## Your instructions
Print the data that follows word for word, leaving out any picture.
[Source material]
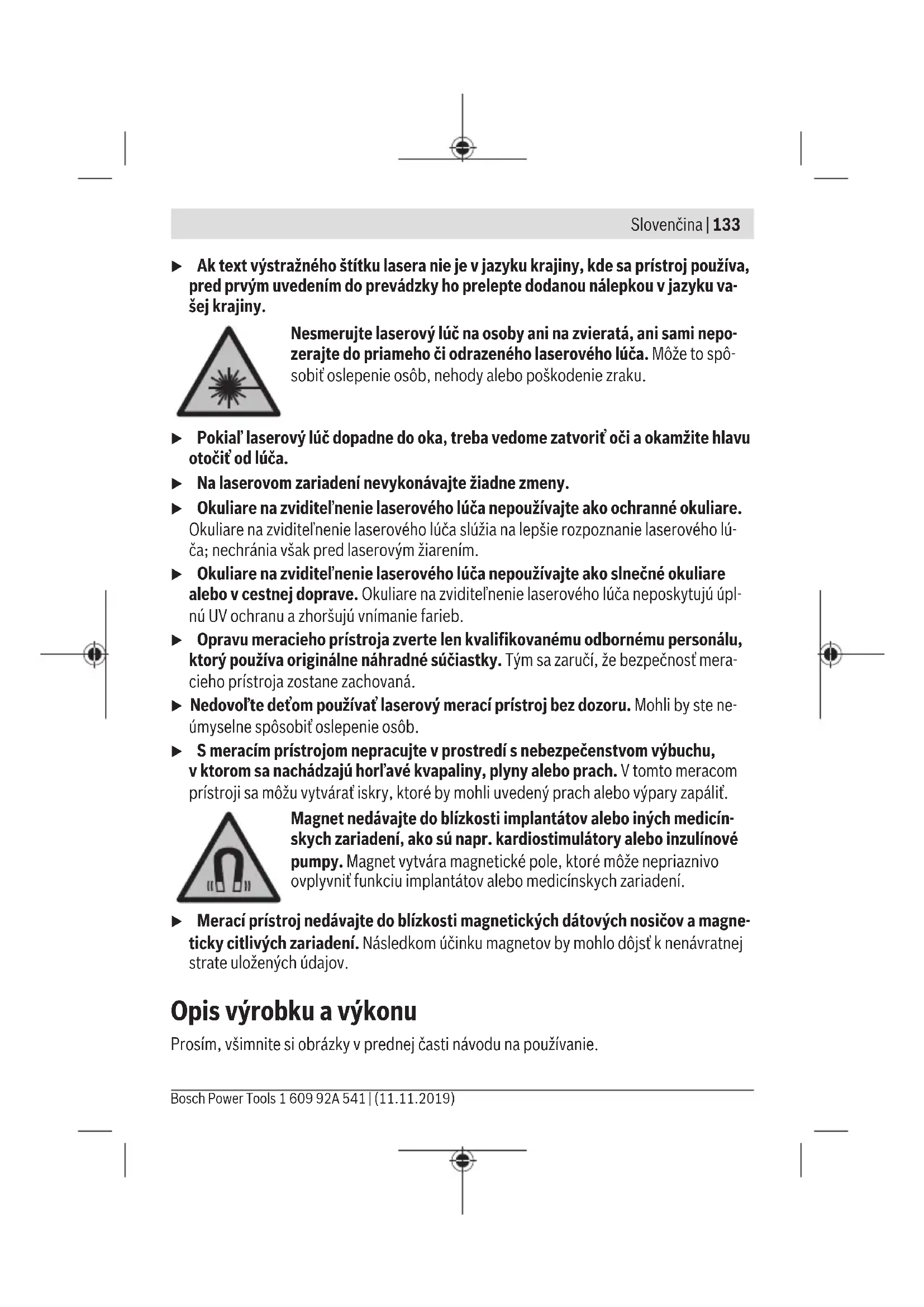 Vyobrazené alebo opísané príslušenstvo nepatrí do štandardného rozsahu dodávky. Kom- pletné príslušenstvo nájdete vnašom sortimente príslušenstva. Technické údaje Krížový laser AdvancedLevel 360 Vecné číslo 3 603 F63 B.. Pracovná oblasť (priemer) do cca
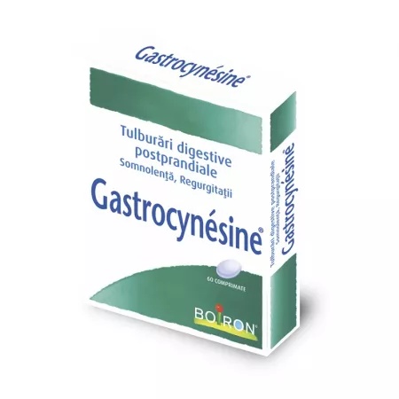 Gastrocynesine este utilizat pentru medicament homeopatic utilizat în tratamentul simptomatic al tulburărilor digestive postprandiale uşoare: senzație de greutate stomacală, somnolență, regurgitații. Contraindicatii: Hipersensibilitate la substanțele active sau la oricare dintre excipienți. Precautii: Înainte să luați Gastrocynesine, adresaţi-vă medicului dumneavoastră sau farmacistului. Sarcina, alăptarea şi fertilitatea: Medicamentul se poate administra în timpul sarcinii și alăptării. Conducerea vehiculelor şi folosirea utilajelor: Acest medicament nu influențează capacitatea de a conduce vehicule sau de a folosi utilaje. Mod de administrare: Doze și mod de administrare: Adulți și copii: Comprimatele se dizolvă încet în cavitatea bucală: 1 sau 2 comprimate cu 15 minute înaintea meselor. Dacă este necesar, tratamentul se repetă după mese. La copiii cu vârsta sub 6 ani, datorită formei farmaceutice, comprimatul se dizolvăîn apă înainte de administrare. Administrare orală. Dacă aveţi orice întrebări suplimentare cu privire la acest medicament, adresaţi-vă medicului dumneavoastră, farmacistului sau asistentei medicale. Compozitie: Un comprimat de 300 mg conține: Abies nigra 4 CH 75 mg Carbo vegetabilis 4 CH 75 mg Nux vomica 4 CH 75 mg Robinia pseudo acacia 4 CH 75 mg. Excipienți cu efect cunoscut: zahăr 225 mg, lactoză 72 mg. Prezentare: 60 comprimate Atentionare: Citiţi cu atenţie şi în întregime prospectul înainte de a începe să utilizaţi acest medicament deoarece conţine informaţii importante pentru dumneavoastră.
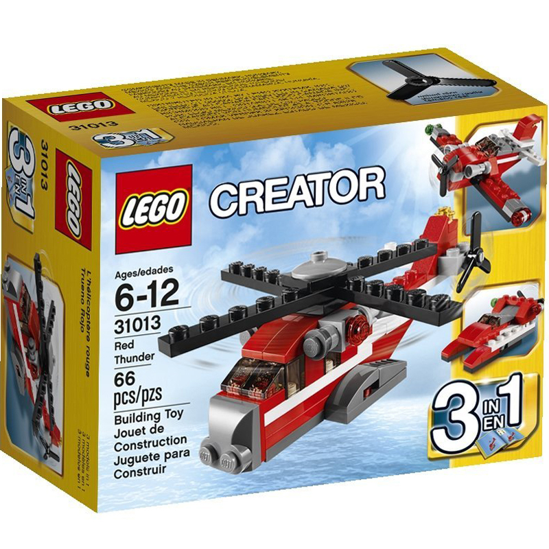 Điều khiển chiếc máy bay trực thăng mạnh mẽ 3-trong-1 để cứu hộ khẩn cấp! Chiếc máy bay trực thăng vận tải Red Thunder rất thích hợp để chuyển hàng cứu trợ tới những vùng núi xa xôi. Với màu đỏ nổi bật và động cơ mạnh mẽ, chiếc máy bay này cũng rất phù hợp để sử dụng làm máy bay cứu hộ. Tuyệt vời hơn nữa là bạn có thể lắp nó lại thành một chiếc máy bay 2 tầng cánh hoặc một chiếc tàu siêu tốc mạnh mẽ. Shoptretho.com.vn xin giới thiệu bộ xếp hình đồ chơi LEGO Creator 31013- máy bay thần sấm siêu tốc
[/Source material]
## Response
 Vyobrazené alebo opísané príslušenstvo nepatrí do štandardného rozsahu dodávky. Kom- pletné príslušenstvo nájdete vnašom sortimente príslušenstva. Technické údaje Krížový laser AdvancedLevel 360 Vecné číslo 3 603 F63 B.. Pracovná oblasť (priemer) do cca
 Gastrocynesine este utilizat pentru medicament homeopatic utilizat în tratamentul simptomatic al tulburărilor digestive postprandiale uşoare: senzație de greutate stomacală, somnolență, regurgitații. Contraindicatii: Hipersensibilitate la substanțele active sau la oricare dintre excipienți. Precautii: Înainte să luați Gastrocynesine, adresaţi-vă medicului dumneavoastră sau farmacistului. Sarcina, alăptarea şi fertilitatea: Medicamentul se poate administra în timpul sarcinii și alăptării. Conducerea vehiculelor şi folosirea utilajelor: Acest medicament nu influențează capacitatea de a conduce vehicule sau de a folosi utilaje. Mod de administrare: Doze și mod de administrare: Adulți și copii: Comprimatele se dizolvă încet în cavitatea bucală: 1 sau 2 comprimate cu 15 minute înaintea meselor. Dacă este necesar, tratamentul se repetă după mese. La copiii cu vârsta sub 6 ani, datorită formei farmaceutice, comprimatul se dizolvăîn apă înainte de administrare. Administrare orală. Dacă aveţi orice întrebări suplimentare cu privire la acest medicament, adresaţi-vă medicului dumneavoastră, farmacistului sau asistentei medicale. Compozitie: Un comprimat de 300 mg conține: Abies nigra 4 CH 75 mg Carbo vegetabilis 4 CH 75 mg Nux vomica 4 CH 75 mg Robinia pseudo acacia 4 CH 75 mg. Excipienți cu efect cunoscut: zahăr 225 mg, lactoză 72 mg. Prezentare: 60 comprimate Atentionare: Citiţi cu atenţie şi în întregime prospectul înainte de a începe să utilizaţi acest medicament deoarece conţine informaţii importante pentru dumneavoastră.
 Điều khiển chiếc máy bay trực thăng mạnh mẽ 3-trong-1 để cứu hộ khẩn cấp! Chiếc máy bay trực thăng vận tải Red Thunder rất thích hợp để chuyển hàng cứu trợ tới những vùng núi xa xôi. Với màu đỏ nổi bật và động cơ mạnh mẽ, chiếc máy bay này cũng rất phù hợp để sử dụng làm máy bay cứu hộ. Tuyệt vời hơn nữa là bạn có thể lắp nó lại thành một chiếc máy bay 2 tầng cánh hoặc một chiếc tàu siêu tốc mạnh mẽ. Shoptretho.com.vn xin giới thiệu bộ xếp hình đồ chơi LEGO Creator 31013- máy bay thần sấm siêu tốc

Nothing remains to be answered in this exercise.